Once the pictures are set aside, repeat all of the data below exactly.

Provided data:
--

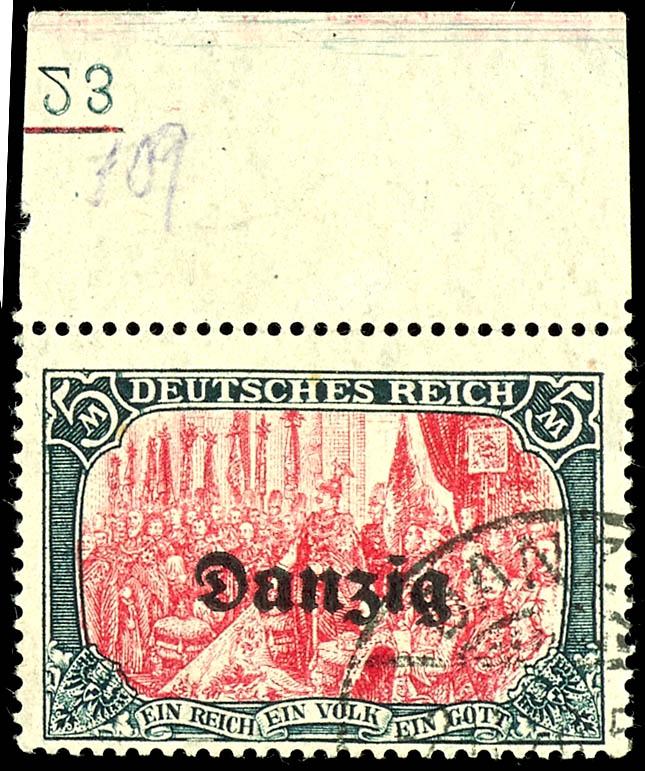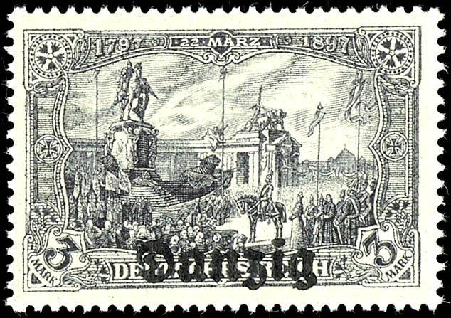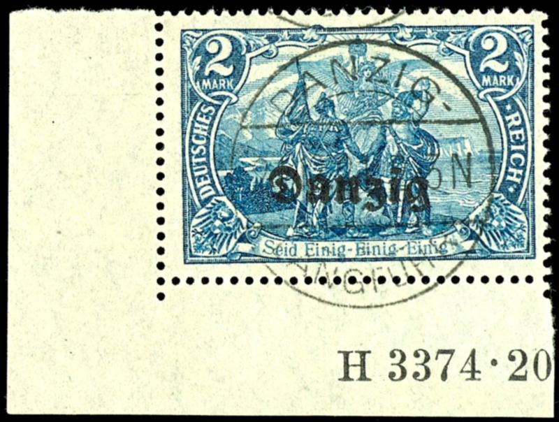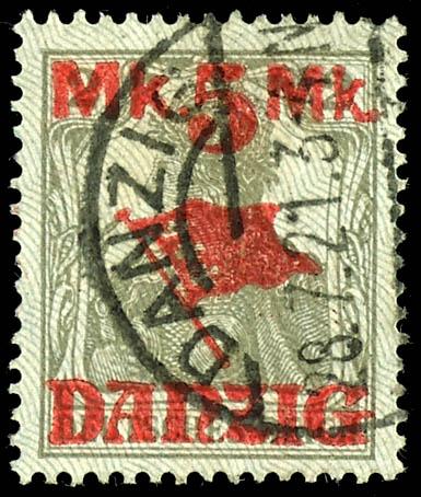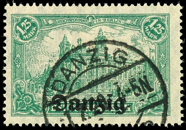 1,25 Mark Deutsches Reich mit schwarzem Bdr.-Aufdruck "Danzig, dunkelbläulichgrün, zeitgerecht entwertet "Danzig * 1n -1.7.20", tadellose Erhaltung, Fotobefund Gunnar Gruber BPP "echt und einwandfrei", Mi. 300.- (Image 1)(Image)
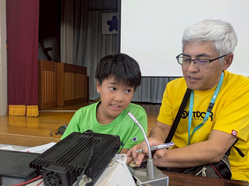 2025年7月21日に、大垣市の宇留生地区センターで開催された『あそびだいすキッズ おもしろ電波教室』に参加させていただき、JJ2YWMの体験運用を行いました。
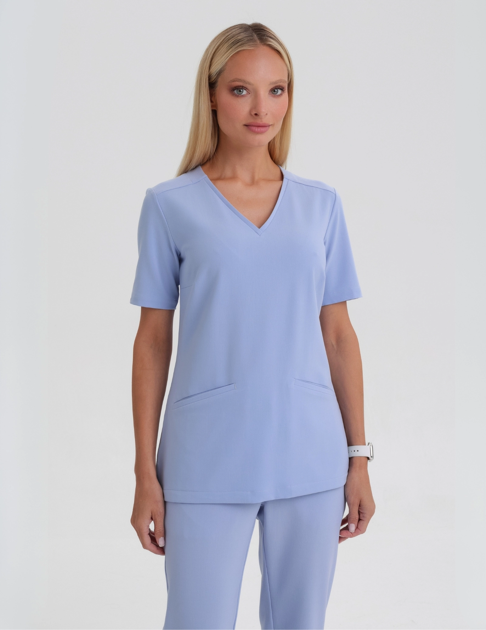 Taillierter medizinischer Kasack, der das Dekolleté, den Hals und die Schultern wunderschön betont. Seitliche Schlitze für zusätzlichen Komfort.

--

Output for this task:
 1,25 Mark Deutsches Reich mit schwarzem Bdr.-Aufdruck "Danzig, dunkelbläulichgrün, zeitgerecht entwertet "Danzig * 1n -1.7.20", tadellose Erhaltung, Fotobefund Gunnar Gruber BPP "echt und einwandfrei", Mi. 300.- (Image 1)(Image)
 2025年7月21日に、大垣市の宇留生地区センターで開催された『あそびだいすキッズ おもしろ電波教室』に参加させていただき、JJ2YWMの体験運用を行いました。
 Taillierter medizinischer Kasack, der das Dekolleté, den Hals und die Schultern wunderschön betont. Seitliche Schlitze für zusätzlichen Komfort.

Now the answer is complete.